Tales of a 21st Century Gypsy

April 30, 2004. In Court.

I actually came through Arlington this week because I was being sued. If you’ve been reading this blog regularly you might be thinking, as one person remarked, “do I detect a pattern here?” Pursuit by Canadian collection agent, small claims court, what else is going on here? It’s not a pattern, it’s an utterly unexpected onslaught of hassles over money and the law – the phone hassles, the lawsuit, a run-in with Mastercard, a ticket for going through a red light that I sure didn’t see. It all makes me wonder what’s going on.

The lawsuit arose because I scratched someone’s bumper in a poor attempt at parallel parking. I didn’t realize I’d done it, but when he pointed it out I agreed that I had, and he went off to get a repair estimate. He came back with estimates from two shops, one three times the other. Of course I sent him a check for the lower. Whereupon he sued me for the higher.

I was flabbergasted. Did he think a judge would award him the higher amount to do the same work, and let him keep it when he took the car to the cheaper shop? And if he had to spend it on repairs, why waste everyone’s time in court? But when I called to ask why he was doing this, he hung up on me. I had tried to deal with him on a friendly basis, since I certainly had scratched his bumper, but clearly he preferred to throw his rather considerable weight around in court instead.

I was annoyed and furious, and just didn’t want there to be any chance of him having the satisfaction of winning. I thought about treating it all as just another experience in the way the US works, and writing about it on this website along with my other experiences. I got there early to take photos of the courthouse, and went in armed with a notebook for writing about the court scene and a pile of New Yorkers to read while we waited our turn.

As it turned out, we mediated. He presented a case that was totally new to me – two estimates quite close together, and my check for much less than either. I was so angry my hands were shaking as I pulled out the much lower estimate he had given me, which I had paid. At this, we were all a bit baffled – why did he and I have radically different estimates from the same body shop, written at the same time? Lisa, our down-to-earth mediator, suggested we split the difference. He suggested I pay him the lower of his two estimates – still much more than the estimate he had given me. I suggested we call the body shop and ask what this was all about. Financially a bad move on my part, as it turned out, but we did figure it out – the shop had given him two different estimates, mine and his, and they combined to cover the work to be done. He had only seen the higher one, I had only seen the lower. Which meant he actually did have a case, and we arrived at a compromise easily from there.

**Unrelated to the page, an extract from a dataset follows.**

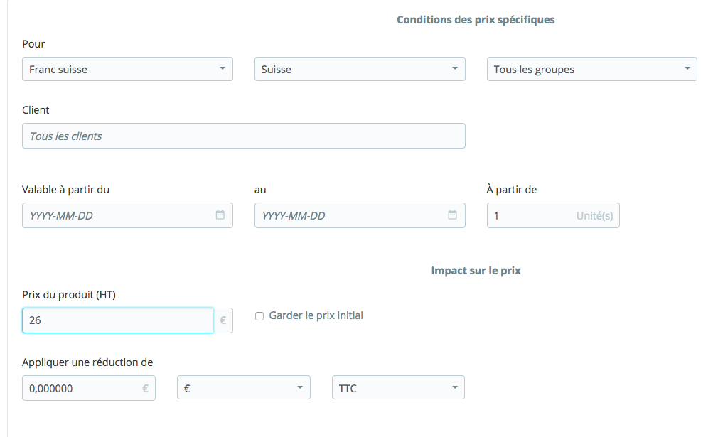 granpopo Posted August 24, 2017 Share Posted August 24, 2017 Bonjour à tous, J'espère que vous pourrez m'aider, car j'ai l'impression d'un bug sur ma boutique : Version PS : 1.7.2.0 Voici ce que je souhaite faire : 1/ - Avoir un produit (appelons le P1) dont le prix s'affiche en €, sauf pour ceux qui habitent au canada (affiche en dollars canadien) et ceux qui habitent en Suisse (affiche en franc suisse) ? 2/ - Sur ce même produit P1, les prix ne sont pas fixés en fonction du taux de change, mais des prix définis selon les pays. Par exemple il coûte 20€ en europe, 50 dollars canadien au Canada, et 35 franc suisse en Suisse...Comment faire pour que les Canadiens voient le prix en dollars canadien et que le suisse voit en Franc suisse (avec leur prix respectif définis)? La manipulation que j'ai fait : J'ai crée un prix spécifique pour mon produit En € le produit coûte 17€...en CHF 26 (je ne tiens pas compte du taux de change pour fixer le prix en € et en CHF)...le taux de change est de 1,1454 du coup j'ai appliqué la formule : 26/1,1454 = 22,6994936267 CHF à noter dans la case correspondante "prix du produit HT"...hors dans le récap que me fait prestashop il note le prix : 22,6994936267 CHF et non 26CHF. Du coup dans un second temps j'ai donc noté directement le prix suisse en CHF soit 26...et dans son récap il me note bien 26 CHF (CF les PJ) Mais je ne sais pas si ça fonctionnera...Est ce que le Suisse verra 26 CHF de chez lui ? et surtout paiera 26 CHF... Ou est ce un bug ? Merci de votre aide ! Link to comment Share on other sites More sharing options...

On the surface, the event ended amicably. Waiting for Lisa to file the papers, he told me about growing up on a farm in south-western North Carolina, where his dad taught him to drive a tractor when he was ten, before he was even tall enough to see over the wheel. He milked cows, slaughtered chickens, raised pigs. He got away from that life by studying law enforcement in college in Greensboro. Now, in middle age, he works for the Justice Department, and is detailed to Capitol Hill to help investigate infractions for various congressmen. He described his work in a tone of surprise, that a black farmboy from North Carolina had landed up on the Hill, regularly meeting (as he made sure to let us know) with congressmen and senators. He also told me about his sixteen-year-old daughter, whom he has raised alone since her mother died in childbirth. She plans to go to Georgetown and then study law, but doesn’t expect to ever leave her father.

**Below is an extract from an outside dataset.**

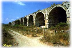 This city was built 18 km east of Antalya between the Düden and Aksu streams. Is reached along the Antalya Alanya highway, turning north at Aksu. As it was not on the coast, it was not subjected to raidsby pirates and therefore continued its progress without interruption. It was settledin 1200 B.C. In 332 B.C. Perge, like Side, reached an agreement with Alexander and thus did not go to war or suffer the usual ravages. It lived through the hellenistic, Roman and Byzantine epochs. Its 15,000 spectator theatrewas built in the 2nd century A.D. and the nearby stadium could hold 12000. With theexception of theAphrodisias stadium, it is the best preserved in Anatolia. There are 30 rooms, believed to have been used as shops, underneath the stadium seats. A great many statues and other valuable items have been unearthed in recent digs, of which many are in the Antalya Museum. Some of the things worth seeing inPerge are the gates, agora, nymphaeum, the pillared streets, sarcophagi, bassilica and acropolis.

I was torn between regarding him as an interesting cultural experience along with all the others I’ve met, and thinking him a boorish, bullying type whom I wouldn’t want to meet in a dark alley. A law enforcer who is delighted by the knowledge and power his work has given him, who sued me rather than calling to resolve the problem, while telling me how nice he was being. A man who phoned my house and spoke to Susanna so rudely that she left a panicked message on my cellphone warning that he was crazy and under no circumstances was I to give him my cellphone number. An interesting type to interact with, perhaps, but not someone I have any desire to see again.